Rocket Physics, the Hard Way: Max q and Bernoulli’s Principle

Header image: Computational fluid dynamics simulation of a NASA X-43A hypersonic aircraft (image source: NASA.)

Recall the last time you watched a rocket launch. About a minute into ascent, you may have heard Launch Control call out “Max q!”. But what does dynamic pressure mean?

Welcome back to Rocket Physics, the Hard Way. Although this installment will be relatively light compared to some of our more in-depth examinations, we will nevertheless be covering an important concept in aerodynamics that has sparked curiosity in the mind of every space fan.

One of the most popular space exploration films (and books), The Martian, features a dramatic opening sequence: A violent dust storm strikes the landing site of a crewed mission to Mars, threatening to tip over their ascent vehicle. This is an unrealistic circumstance, and we will discover why shortly. The answer is connected to ‘max q’ and a concept known in fluid mechanics as dynamic pressure.

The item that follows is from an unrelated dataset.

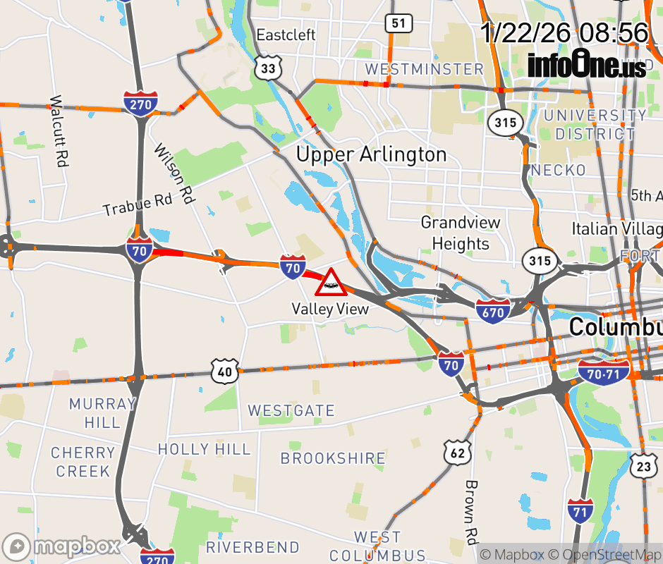 The left shoulder is blocked on I-70 East beyond Wilson Rd, due to a crash. ![]() Updated: Thu 1/22/26 8:56 AM EST |
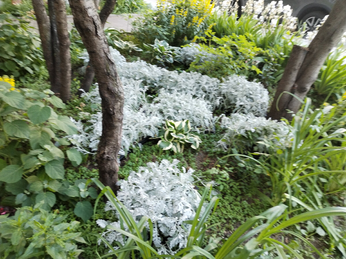 Стою я, значит, придирчиво разглядываю свой палисадник, - планы и рокировки щёлкают в голове, ну будто у какого-то Шерлока от ботаники. И тут идёт наш дворник Гена . Надо отметить, что накануне отряд дворников под предводительством мадам Флоры (она из Жилищника, заведует зелёными насаждениями , обладает ядовито-рыжими волосами, зычным голосом и впечатляющим знанием русского мата) высадил в окрестные клумбы энное количество цинерарии серебристой. И у них... Осталось. Видела я, сколько осталось. Паллеты с рассадой поставили в тенек у соседнего подъезда . В каждой паллете штук 50 (5 на 10 кустиков). Но я думала, что с минуты на минуту рассаду увезут в следующее место. А они, стало быть, "списали". И вот Гена мне говорит: "Надо?" А я: "Не надо..." Ну потому что у меня однолетников - ровно столько, за сколькими я в состоянии ухаживать. Их ведь поливать каждый день! А ваша покорная слуга не железная. Но, как выяснилось, и не каменная. Ибо сутки я наблюдала, как сохнет и грустнеет никому не

There are two kinds of pressure: static pressure and dynamic pressure. To explain the difference, first imagine that you are standing in a field on a pleasant spring day, and the air is completely still.

The Earth’s atmosphere presses down on you with a pressure of one atmosphere, or 101,325 Pascals (14.7 pounds per square inch, for American readers.) That is static pressure, which is what you see in your daily weather report. At Martian zero elevation datum, the atmosphere’s static pressure is a much lower 0.006 atmospheres, or 610.5 Pascals (0.09 pounds per square inch.)

Imagine now that a strong wind begins to blow in your face, causing you to feel an extra pressure that threatens to push you over. This increased pressure is known as dynamic pressure (also known as stagnation pressure.) When a fluid flow encounters an obstruction (like your body), it is forced to slow down. In doing so, it exchanges its kinetic energy for pressure energy. Hence, its pressure rises as its velocity falls. This is a consequence of the conservation of energy, which is described for fluids (under certain conditions¹) by Bernoulli’s Principle.

For example, standing in a 100 km/h gale (about 60 mph) on Earth would subject you to a dynamic pressure of 473 Pascals. This is a force equivalent to 48 kilograms per square metre, enough to uproot trees and damage buildings.

However, this same object in a 100 km/h wind on Mars would only experience a dynamic pressure of 7.7 Pascals. This is equivalent to about 0.8 kilograms per square metre – a light breeze.

As stated earlier, in the dramatic beginning of The Martian, a dust storm hits. It is so powerful that it threatens to tip the Mars Ascent Vehicle, forcing an emergency launch, stranding astronaut Mark Watney on Mars and kick-starting the plot.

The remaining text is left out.